Best of times … Worst of times … Diplomatic rift between Russia and America
Syed Nasir Ershad
There is a long history of reciprocal expulsions and other measures between the United States and Russia, even after the Cold War ended with the collapse of the Soviet Union in 1991. On Thursday, 29 December 2016 the Obama administration moved to eject 35 Russians suspected of being intelligence operatives as ‘persona non grata’; imposed sanctions on two of Russia’s leading intelligence services; and penalized four top officers of one of those services, the powerful military intelligence unit known as the G.R.U., because of its efforts to influence the presidential election.
As part of the punishment, the State Department said that it would close two waterfront estates that it said were used for Russian intelligence activities. The actions amounted to the strongest American response yet to a state-sponsored cyberattack. United States intelligence agencies have concluded that the G.R.U., with the approval of the Kremlin, ordered the attacks on the Democratic National Committee and other political organizations, and that the Russian government enabled the publication of the emails it obtained to benefit Mr. Trump’s presidential campaign.

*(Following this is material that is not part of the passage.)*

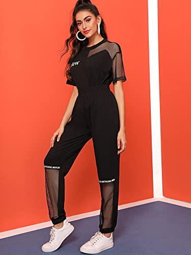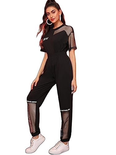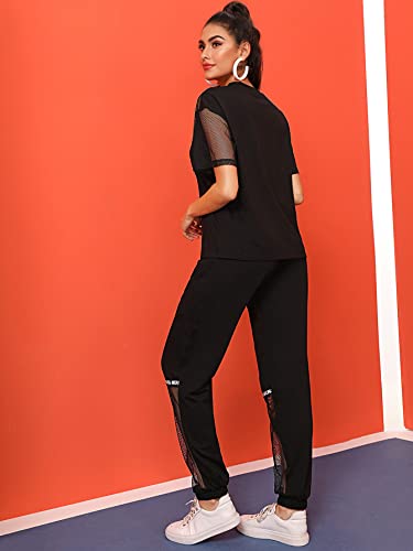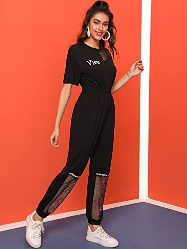 SHEIN - 2pc Women Clothing Set Women Mulvari Letter Graphic Fishnet Insert Top Pants Set

Previous sanctions by the United States and its Western allies were levied against broad sectors of the Russian economy and also blacklisted dozens of individuals, some of them close friends of Mr. Putin’s who were considered crucial in the annexation of Crimea in 2014 and in destabilizing Ukraine. The economic sanctions covered three main areas, including blocking Russian access to international credit, cutting off cooperation in advanced oil field technology and stopping arms deals or the sale of dual-use technology.
Much of their effect stemmed from the fact that they coincided with a sharp drop in global oil prices, hitting Russia with a double blow. Companies had trouble obtaining credit, driving up the short-term cost of borrowing and compounding a deep recession. Over the long run, the effect is likely to be strongest in the oil sector because it dried up most exploration in difficult areas like the Arctic. Russia responded with sanctions of its own, mostly banning agricultural products and certain foods imported from the West. Mr. Putin and other officials have repeatedly crowed that this resulted in a successful campaign of “import substitution.” Russia also maintained a secret list of Western officials who were no longer allowed into the country. Most, like the former American ambassador Michael McFaul, discovered it only when they applied for visas to Russia.
However, in a surprising move the Russian President Putin announced Friday that he would not retaliate against American President Obama’s decision to expel Russian diplomats and impose new sanctions even though his foreign minister recommended doing just that. The move was remarkable, given that the two countries have a long history of reciprocal expulsions, and Russian officials had been threatening to retaliate for days. Mr. Putin said that in his future steps on the way toward the restoration of Russia-United States relations, he wanted to proceed towards the policy pursued by the administration of the next President.
Mr. Putin has a flair for smart, unexpected tactics, and his announcement of not retaliating appeared to be in keeping with that. To some observers, the sudden shift seemed carefully stage-managed, a way of building up suspense before Mr. Putin’s surprise announcement, helping portray him as a wise leader above the fray. ‘Putin showed that he is above his own officials, that he doesn’t want to take the retaliatory action suggested by his foreign minister,’ said an international relations analyst. Should Mr. Putin have chosen to retaliate harshly against the United States, he would most likely have deepened the rift between the two countries and left President-elect Trump with a nettlesome diplomatic standoff from the moment he arrived in the Oval Office. But by choosing essentially to disregard Mr. Obama’s punitive measures, Mr. Putin can try to disarm his American critics, including members of Congress who consider him an aggressive foe of the United States. That could give Mr. Trump more room to pursue the closer cooperation with Russia that he has advocated.